* _EXERCISE OBJECTIVE_
With the pictures left out, reproduce exactly the lines running from the line with "图3展示了对0.9V输出(被" to the last line of the material below.

* _SUPPLIED DATA_
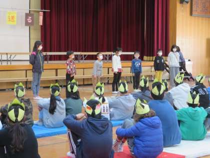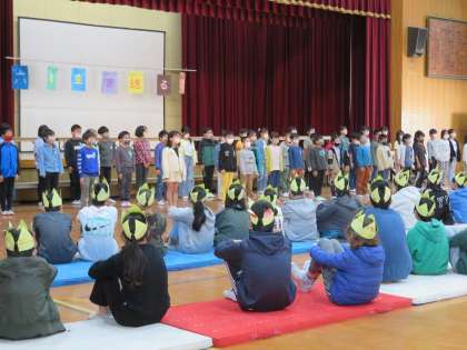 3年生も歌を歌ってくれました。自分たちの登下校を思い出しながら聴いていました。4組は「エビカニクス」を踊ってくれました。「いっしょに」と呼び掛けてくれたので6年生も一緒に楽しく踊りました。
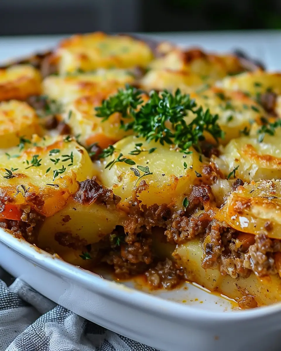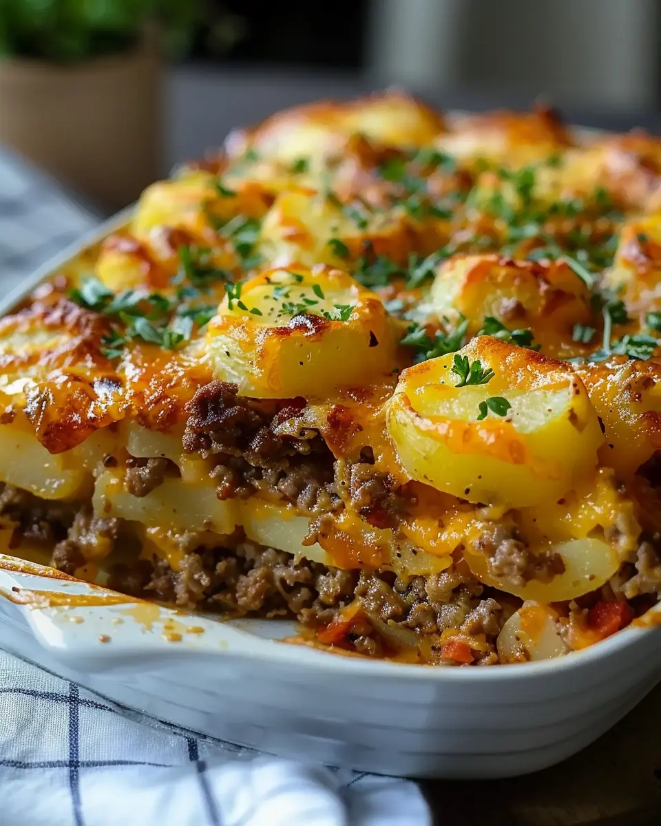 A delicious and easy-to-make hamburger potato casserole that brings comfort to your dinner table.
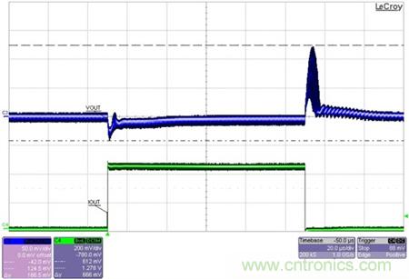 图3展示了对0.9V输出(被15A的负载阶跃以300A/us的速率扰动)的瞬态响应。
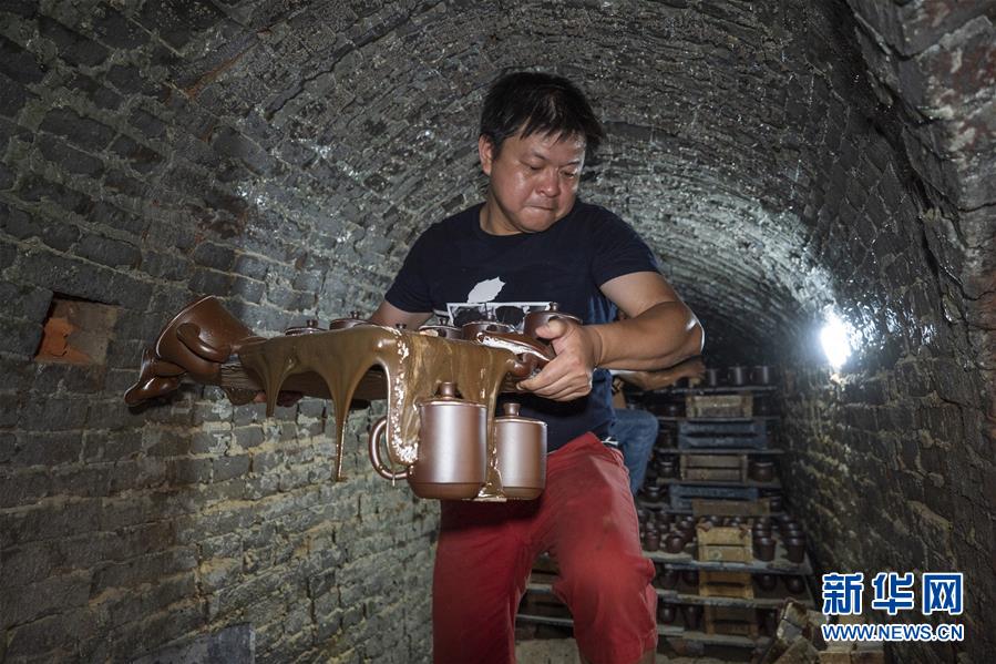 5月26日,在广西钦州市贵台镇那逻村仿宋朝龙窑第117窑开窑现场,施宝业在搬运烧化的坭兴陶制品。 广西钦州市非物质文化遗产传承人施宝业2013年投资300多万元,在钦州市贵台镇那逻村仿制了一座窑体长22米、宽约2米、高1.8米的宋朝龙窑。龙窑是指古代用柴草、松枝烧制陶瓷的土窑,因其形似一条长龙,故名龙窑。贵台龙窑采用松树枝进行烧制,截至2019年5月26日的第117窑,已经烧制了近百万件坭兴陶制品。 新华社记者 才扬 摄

* _TASK OUTPUT_
 图3展示了对0.9V输出(被15A的负载阶跃以300A/us的速率扰动)的瞬态响应。
 5月26日,在广西钦州市贵台镇那逻村仿宋朝龙窑第117窑开窑现场,施宝业在搬运烧化的坭兴陶制品。 广西钦州市非物质文化遗产传承人施宝业2013年投资300多万元,在钦州市贵台镇那逻村仿制了一座窑体长22米、宽约2米、高1.8米的宋朝龙窑。龙窑是指古代用柴草、松枝烧制陶瓷的土窑,因其形似一条长龙,故名龙窑。贵台龙窑采用松树枝进行烧制,截至2019年5月26日的第117窑,已经烧制了近百万件坭兴陶制品。 新华社记者 才扬 摄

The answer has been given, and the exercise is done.